Overall, the dynamic import resolution can be schematized as a nested loop. The main loop walks modules following the in-memory order (blue in the figure below) while, for each module, a second loop walks exported functions looking for a matching hash between desired import and available exports (red in the figure below).

Figure 14: The import resolution flow.

Building a Rainbow Table

Identifying which imports the shellcode relies on will provide us with further insight into the rest of its logic. Instead of dynamically analyzing the shellcode, and given that we have figured out the hashing algorithm above, we can build ourselves a rainbow table.

A rainbow table is a precomputed table for caching the output of cryptographic hash functions, usually for cracking password hashes.

wikipedia.org

The following Python snippet computes the “Metasploit” hashes for DLL exports located in the most common system locations.

import glob
import os
import pefile
import sys

size = 32
mask = ((2**size) - 1)

# Resolve 32- and 64-bit System32 paths
root = os.environ.get('SystemRoot')
if not root:
    raise Exception('Missing "SystemRoot" environment variable')

globs = [f"{root}\\System32\\*.dll", f"{root}\\SysWOW64\\*.dll"]

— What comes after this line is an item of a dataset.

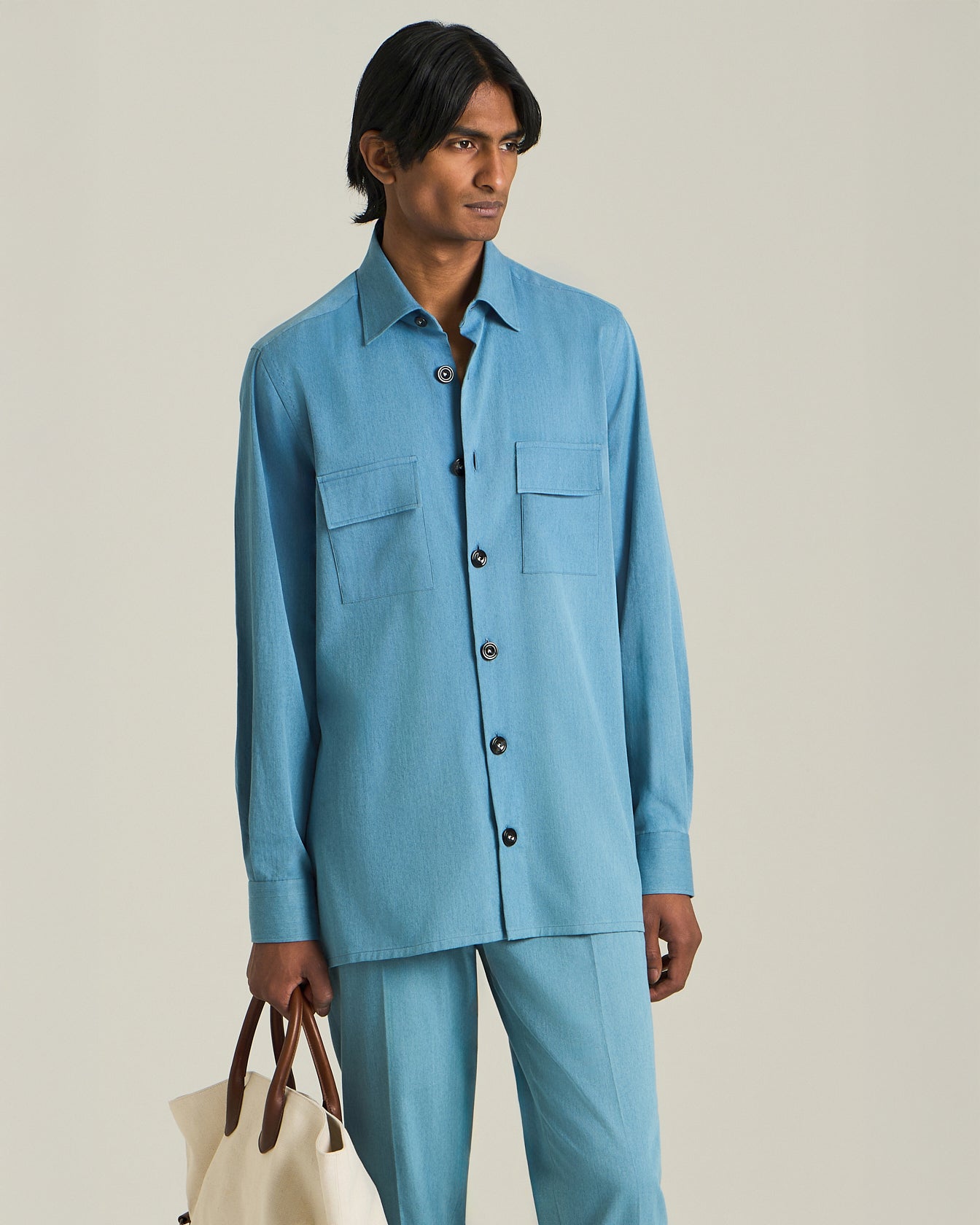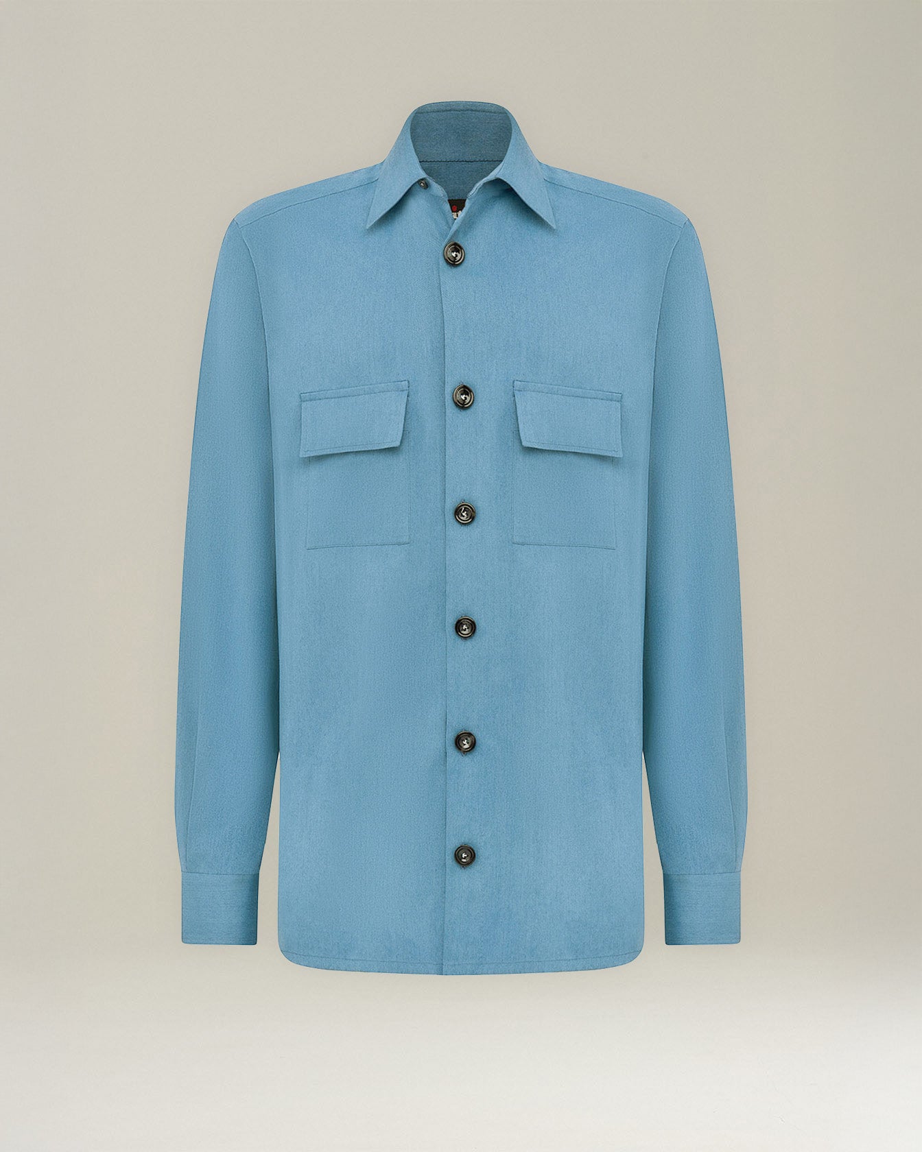 Crafted from an exclusive mineral washed denim yarn and finished with natural horn buttons, this overshirt is reinterpreted with Kiton’s traditional sartorial mastery. Practical and functional, this garment can be worn over a T-shirt or under a jacket or coat, making it easy to adapt to different occasions. With a clear vocation for comfort, it fits in perfectly with the collection’s relaxed trend, making it ideal for leisure and for creating casual yet sophisticated looks.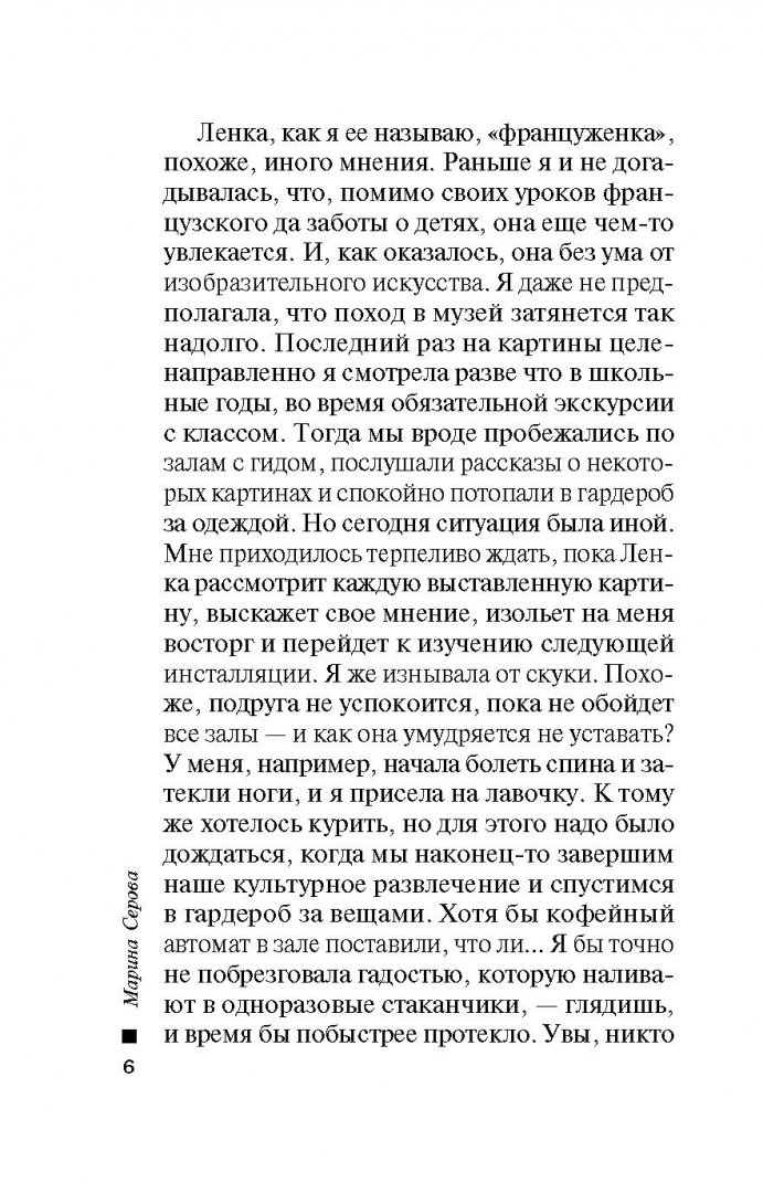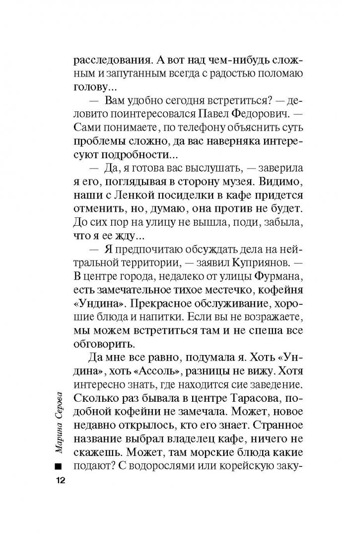 ОписаниеПоначалу частный детектив Татьяна Иванова думала, что задание ей досталось пустяковое: подумаешь, проследить за неверной женой и сделать компрометирующие ее фото. Но чем больше Иванова занималась слежкой за художницей Светланой Куприяновой, тем больше понимала - в этом деле не все так просто. Действительно ли, Светлану и ее преподавателя в художественной академии связывают близкие отношения или это только ширма? А дальше произошло то, чего никто не мог ожидать…Поначалу частный детектив Татьяна Иванова думала, что задание ей досталось пустяковое: подумаешь, проследить за неверной женой и сделать компрометирующие ее фото. Но чем больше Иванова занималась слежкой за художницей Светланой Куприяновой, тем больше понимала - в этом деле не все так просто. Действительно ли, Светлану и ее преподавателя в художественной академии связывают близкие отношения или это только ширма? А дальше произошло то, чего никто не мог ожидать…

# Helper function for rotate-right
def ror(number, bits):
    return ((number >> (bits % size)) | (number << (size - (bits % size)))) &  mask

# Define hashing algorithm
def get_hash(data):
    result = 0
    for b in data:
        result = ror(result, 0x0D)
        result = (result + b) & mask
    return result

# Helper function to uppercase data
def upper(data):
    return [(b if b < ord('a') else b - 0x20) for b in data]

# Print CSV header
print("File,Function,IDA,Yara")

# Loop through all DLLs
for g in globs:
    for file in glob.glob(g):
        # Compute the DllHash
        name = upper(os.path.basename(file).encode('UTF-16-LE') + b'\x00\x00')
        file_hash = get_hash(name)
        try:
            # Parse the DLL for exports
            pe = pefile.PE(file, fast_load=True)
            pe.parse_data_directories(directories = [pefile.DIRECTORY_ENTRY["IMAGE_DIRECTORY_ENTRY_EXPORT"]])
            if hasattr(pe, "DIRECTORY_ENTRY_EXPORT"):
                # Loop through exports
                for exp in pe.DIRECTORY_ENTRY_EXPORT.symbols:
                    if exp.name:
                        # Compute ExportHash
                        name = exp.name.decode('UTF-8')
                        exp_hash = get_hash(exp.name + b'\x00')
                        metasploit_hash = (file_hash + exp_hash) & 0xffffffff
                        # Compute additional representations
                        ida_view = metasploit_hash.to_bytes(size/8, byteorder='big').hex().upper() + "h"
                        yara_view = metasploit_hash.to_bytes(size/8, byteorder='little').hex(' ')
                        # Print CSV entry
                        print(f"\"{file}\",\"{name}\",\"{ida_view}\",\"{{{yara_view}}}\"")
        except pefile.PEFormatError:
            print(f"Unable to parse {file} as a valid PE, skipping.", file=sys.stderr)
            continue

As an example, the following PowerShell commands generate a rainbow table, then searches it for the 726774Ch hash we observed first in figure 2. For everyone’s convenience, we have published our rainbow.csv version containing 239k hashes.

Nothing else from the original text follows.